Work order: Find the line below with "Una polera para" and the line with "首页 > 仪器仪表 >". Output them and the lines between, exactly, but not the pictures.

The data:
══════════

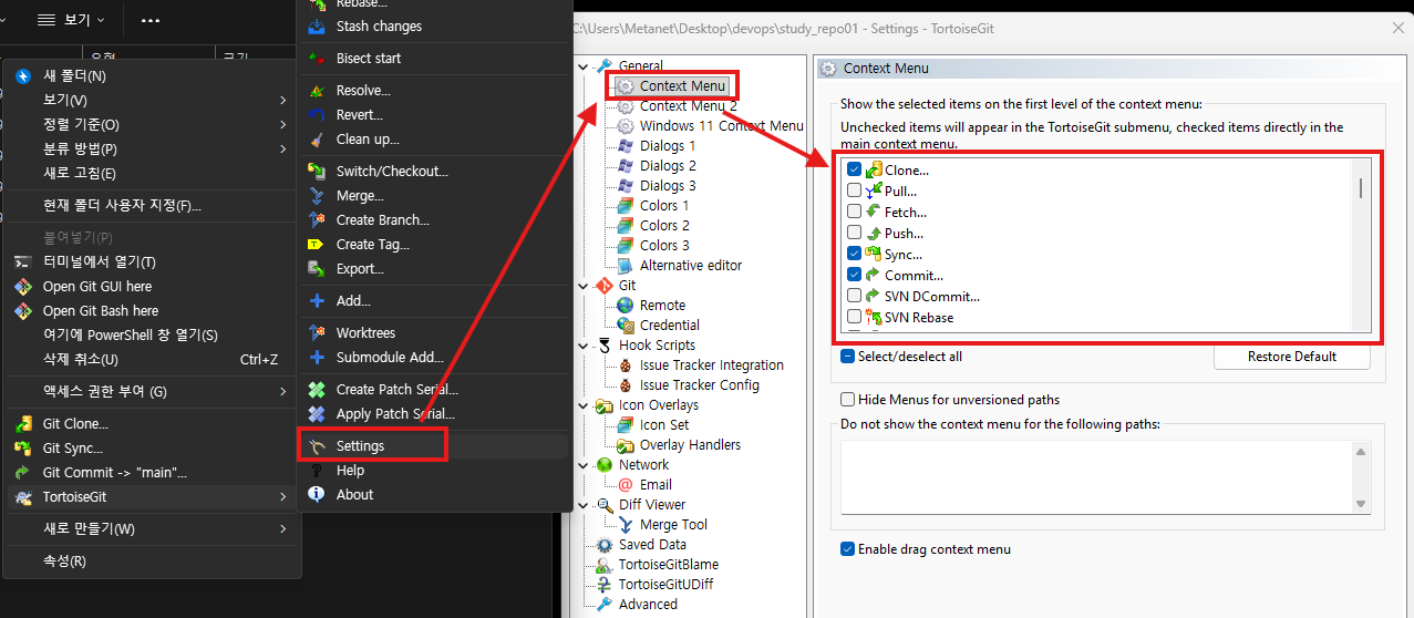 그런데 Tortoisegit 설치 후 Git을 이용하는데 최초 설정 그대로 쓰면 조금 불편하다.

══════════

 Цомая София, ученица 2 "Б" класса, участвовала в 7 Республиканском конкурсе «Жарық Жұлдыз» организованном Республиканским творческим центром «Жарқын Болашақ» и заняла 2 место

══════════

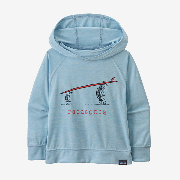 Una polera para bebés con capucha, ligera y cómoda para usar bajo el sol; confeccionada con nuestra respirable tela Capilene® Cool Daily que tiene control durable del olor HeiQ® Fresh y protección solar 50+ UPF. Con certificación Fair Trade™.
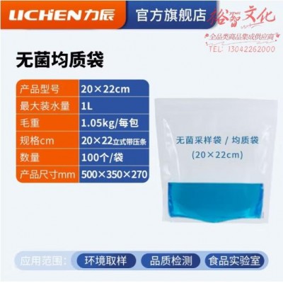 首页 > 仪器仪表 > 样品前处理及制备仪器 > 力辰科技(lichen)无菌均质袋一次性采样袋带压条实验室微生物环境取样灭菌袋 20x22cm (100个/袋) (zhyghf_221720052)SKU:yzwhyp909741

══════════

Problem solution:
 Una polera para bebés con capucha, ligera y cómoda para usar bajo el sol; confeccionada con nuestra respirable tela Capilene® Cool Daily que tiene control durable del olor HeiQ® Fresh y protección solar 50+ UPF. Con certificación Fair Trade™.
 首页 > 仪器仪表 > 样品前处理及制备仪器 > 力辰科技(lichen)无菌均质袋一次性采样袋带压条实验室微生物环境取样灭菌袋 20x22cm (100个/袋) (zhyghf_221720052)SKU:yzwhyp909741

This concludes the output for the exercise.